Un crime dénoncé devant la justice
"Sous la menace constante de perdre leur compte et donc leur seul revenu", résume l'avocat. Il pointe également le rôle des algorithmes des plateformes, qui exploitent selon lui la vulnérabilité des travailleurs de manière systématique.
Des travailleurs pris au piège
Me Laforcade formule une conclusion sans ambiguïté : "À partir du moment où le système économique est allé jusqu'à piocher dans une main-d'œuvre qui n'a pas d'autre choix que d'accepter des conditions que tout autre être humain ne pourrait pas accepter, seule la justice peut y mettre un terme."

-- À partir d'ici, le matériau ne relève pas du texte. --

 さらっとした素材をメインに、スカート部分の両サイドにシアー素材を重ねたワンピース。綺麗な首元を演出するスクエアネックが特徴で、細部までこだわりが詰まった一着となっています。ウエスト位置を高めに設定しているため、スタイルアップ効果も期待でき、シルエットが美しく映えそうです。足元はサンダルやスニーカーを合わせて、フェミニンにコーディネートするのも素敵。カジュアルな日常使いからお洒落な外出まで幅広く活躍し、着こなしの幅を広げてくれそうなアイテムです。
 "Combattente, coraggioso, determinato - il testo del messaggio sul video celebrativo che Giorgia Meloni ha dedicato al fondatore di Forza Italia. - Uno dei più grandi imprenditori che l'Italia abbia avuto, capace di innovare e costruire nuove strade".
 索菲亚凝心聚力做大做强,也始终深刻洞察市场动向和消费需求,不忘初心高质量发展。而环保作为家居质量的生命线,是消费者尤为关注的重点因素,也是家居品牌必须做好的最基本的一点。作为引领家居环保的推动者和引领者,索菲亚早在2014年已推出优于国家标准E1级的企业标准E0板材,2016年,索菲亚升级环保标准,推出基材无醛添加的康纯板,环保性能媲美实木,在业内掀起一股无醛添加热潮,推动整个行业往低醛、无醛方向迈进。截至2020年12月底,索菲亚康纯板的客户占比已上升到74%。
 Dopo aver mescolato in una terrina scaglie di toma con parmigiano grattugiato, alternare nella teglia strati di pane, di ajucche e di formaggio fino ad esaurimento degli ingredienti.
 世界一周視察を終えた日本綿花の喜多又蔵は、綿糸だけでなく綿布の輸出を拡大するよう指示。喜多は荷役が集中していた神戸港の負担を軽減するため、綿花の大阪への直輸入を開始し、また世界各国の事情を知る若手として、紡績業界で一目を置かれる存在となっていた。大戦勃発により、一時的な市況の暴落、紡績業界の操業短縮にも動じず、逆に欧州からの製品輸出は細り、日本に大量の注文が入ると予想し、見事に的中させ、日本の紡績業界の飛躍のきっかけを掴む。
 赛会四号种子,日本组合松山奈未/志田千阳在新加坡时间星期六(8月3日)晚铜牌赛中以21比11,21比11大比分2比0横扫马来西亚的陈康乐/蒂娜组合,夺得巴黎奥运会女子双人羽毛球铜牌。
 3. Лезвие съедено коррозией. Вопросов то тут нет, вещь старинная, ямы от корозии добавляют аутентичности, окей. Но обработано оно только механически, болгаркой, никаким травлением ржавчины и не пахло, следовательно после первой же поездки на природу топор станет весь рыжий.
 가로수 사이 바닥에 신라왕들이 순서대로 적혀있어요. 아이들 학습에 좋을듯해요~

Le profil des livreurs concernés est décrit par Circé Liénart, coordinatrice de la Maison des coursiers de Paris, dans le 10e arrondissement. Elle évoque "une population à majorité étrangère, souvent sans-papiers, ou avec des titres de séjour de courte durée". Chaque jour, des dizaines de livreurs s'y arrêtent pour se faire aider dans leurs démarches administratives, consulter une infirmière ou simplement faire une pause. Ils y témoignent du cercle vicieux dans lequel les plongent ces plateformes, qui en profitent pour leur imposer des courses très mal rémunérées.

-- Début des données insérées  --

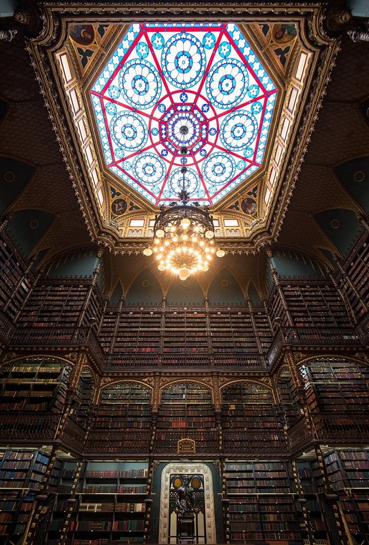 Nie trzeba być fanem literatury, żeby wnętrza Real Gabinete Português de Leitura budziły zachwyt. Zabytkowe, bogato zdobione półki z ciemnego drewna wypełniają kilkusetletnie woluminy. Złote polichromie rozjaśnia naturalne światło z przeszklonego sufitu oraz przytłumiony blask lamp i żyrandoli z epoki.

Une double offensive judiciaire
En parallèle de la plainte au pénal, Me Thibault Laforcade engage également une action de groupe pour discrimination devant la justice civile. Cette démarche est elle aussi inédite. L'avocat espère qu'à son terme, chaque livreur concerné sera indemnisé pour les préjudices subis au quotidien.
Cette double procédure marque une escalade dans la contestation du statut d'indépendant imposé par les grandes plateformes de livraison. Deliveroo et Uber n'ont pas encore réagi publiquement à ces accusations.